Regions with significant populations
- Ghana (Northern, Brong-Ahafo, Volta, Eastern and Greater Accra Regions) and Togo (Kara, Centrale and Plateaux Regions)

Languages
- Konkomba (Likpakpaani), French

Religion
- Traditional African religions (about 50%), Christianity (about 45%) and Islam (about 5%)

= Konkomba people =

Ethnic group in Ghana

The Konkomba people are a Gur ethnic group in northern Ghana and north-west Togo, primarily in the area around the Oti River and the Volta and Northern Regions. They are the second-largest ethnic group in Ghana's Northern Region.

== Demography ==
According to the 2010 census, 823,000 Konkomba lived in Ghana. The CIA World Factbook reports that 3.5 percent of the country's population spoke the Konkomba language in 2010.

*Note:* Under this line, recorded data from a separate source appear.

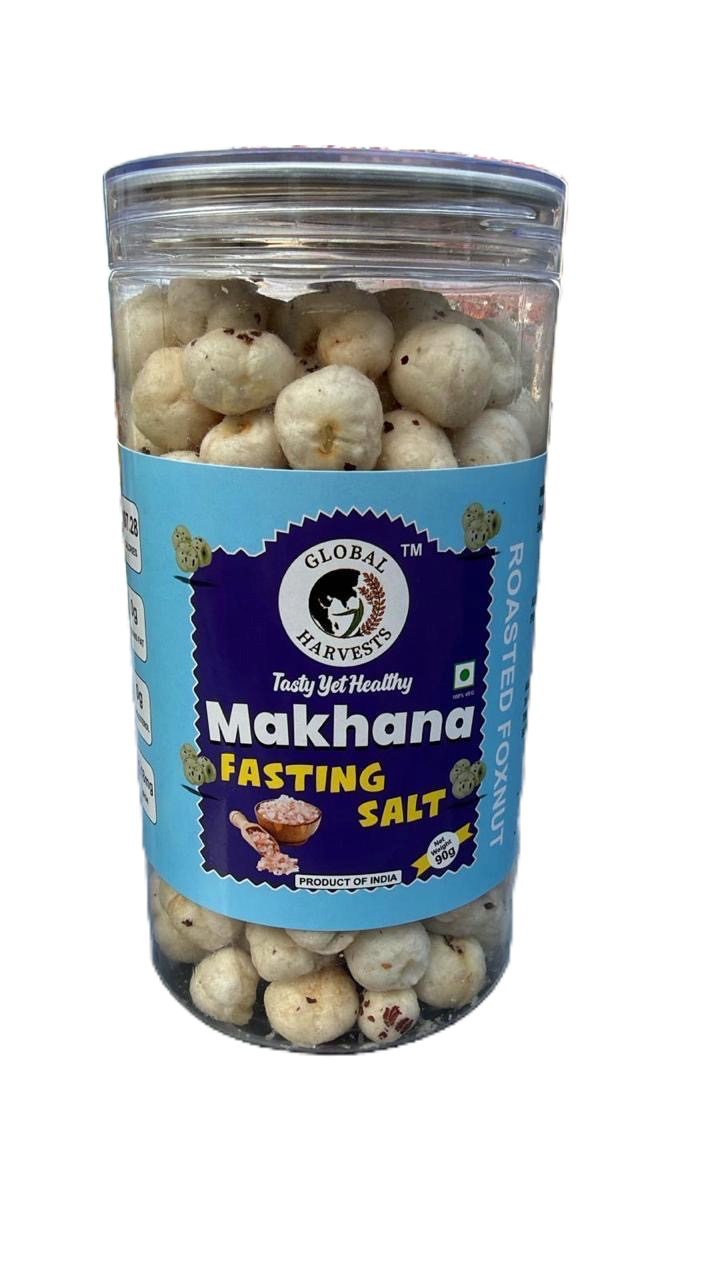 Global Harvests Makhana Fasting Salt 90G: A healthy and delicious snack perfect for fasting or anytime, made from popped lotus seeds and seasoned with fasting-friendly salt.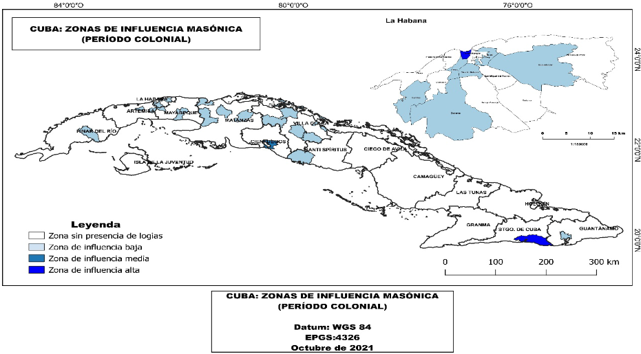 En el mapa de Cuba, sobre zonas de influencia masónica (período colonial), se muestran las logias fundadas durante este período bajo las diferentes obediencias españolas y cubanas que desarrollaron su labor en el territorio nacional (figura 2).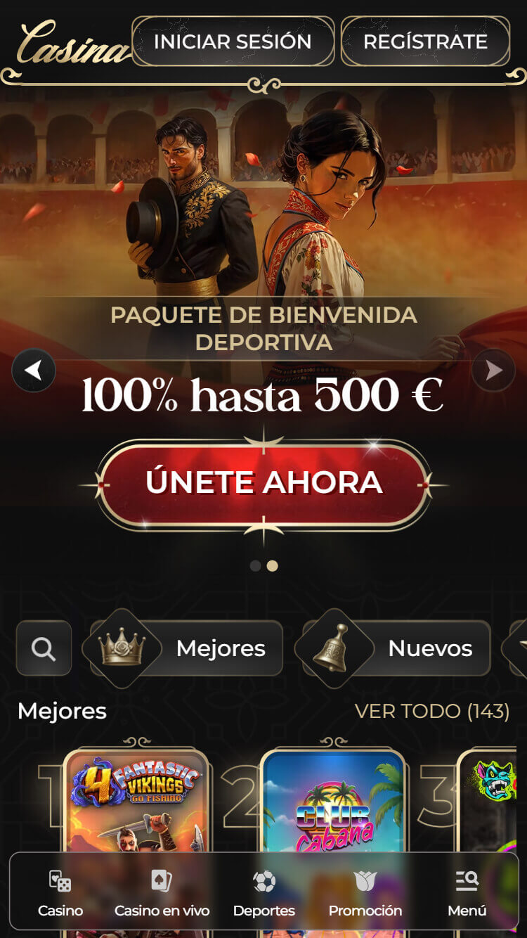 La plataforma de Casina tiene una estructura de navegación clara y organizada, que separa con éxito sus secciones de deportes, casino, torneos y niveles VIP. El sitio web es totalmente intuitivo y permite a los usuarios moverse con rapidez entre sus miles de opciones gracias a un sistema de pestañas lúdico y un buscador eficaz para localizar juegos o proveedores específicos.

The Konkomba speak the Konkomba language, also known as Likpakpaanl. Until the turn of the 21st century, their primary occupation was farming and animal husbandry. The Konkomba are primarily subsistence farmers and raise poultry, small ruminants, and cattle.

== Ethnogenesis ==
The Konkomba refer to themselves as Bikpakpaam (plural form) and to their language as Likpakpaln. A male member of the tribe is an ukpakpaanja, and a female is an ukpakpaanpii. The anglicization "Konkomba" is commonly used to refer to the people and their language, native to northern Ghana. Before the 15th- and 16th-century arrival of other ethnic groups in northern Ghana, the Konkomba were settled in the area.

== Origin and history ==
The Konkomba settled in Ghana's eastern corridor before migrating elsewhere during the first half of the twentieth century due to colonial pressures and in search of fertile farmland. According to Fynn (1971), "We know that the ancestors of the Dagombas met a people akin to the Konkomba already living in northern Ghana".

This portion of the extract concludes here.